In the health hazard evaluation report, he states, "Though these recirculating units have been demonstrated to be effective in removing bioaerosols from room air, their effectiveness can vary, and they are considered supplemental ventilation units. They should not be relied on in place of maintaining a sufficient number of AII rooms that meet the CDC guidelines."
"The best solution is to have the appropriate number of airborne isolation infection rooms to meet the needs of your patient population," he says.
Meanwhile, Niemeier stresses that proper ventilation is just one preventive measure to prevent the spread of tuberculosis.
"It's important to understand that even meeting this guidance doesn't preclude the fact that if a nurse walks into the room, they still need to wear respiratory protection," he says. "They're not protected from exposure to TB if they don't have respiratory protection."

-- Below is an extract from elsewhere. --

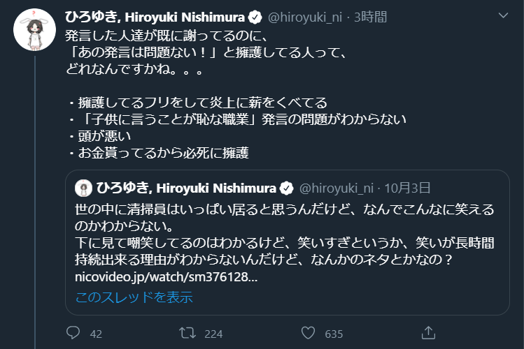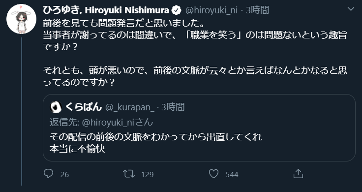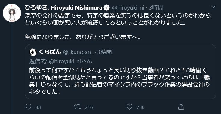 【雑魚狩り王】論破王ひろゆき氏、今度はVTuberの清掃員差別発言は全く悪くないと言い張るフォロワー数7人のカオナシを完全論破!
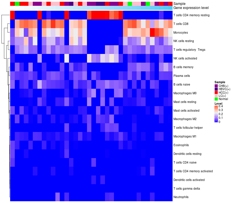 Relationship between gene expression and immune infiltrating cell level

Employees who could be exposed to infectious aerosols should be fit-tested annually, if they use N95s, and should receive training in the proper use of the respirator, he says. "That's your last line of defense, wearing that respirator correctly," he says.
[Editor's note: The Health Hazard Evaluation on "Evaluation of Ventilation Controls for
Tuberculosis Prevention at a Hospital" is available at www.cdc.gov/niosh/hhe/reports/pdfs/2010-0092-3188.pdf.]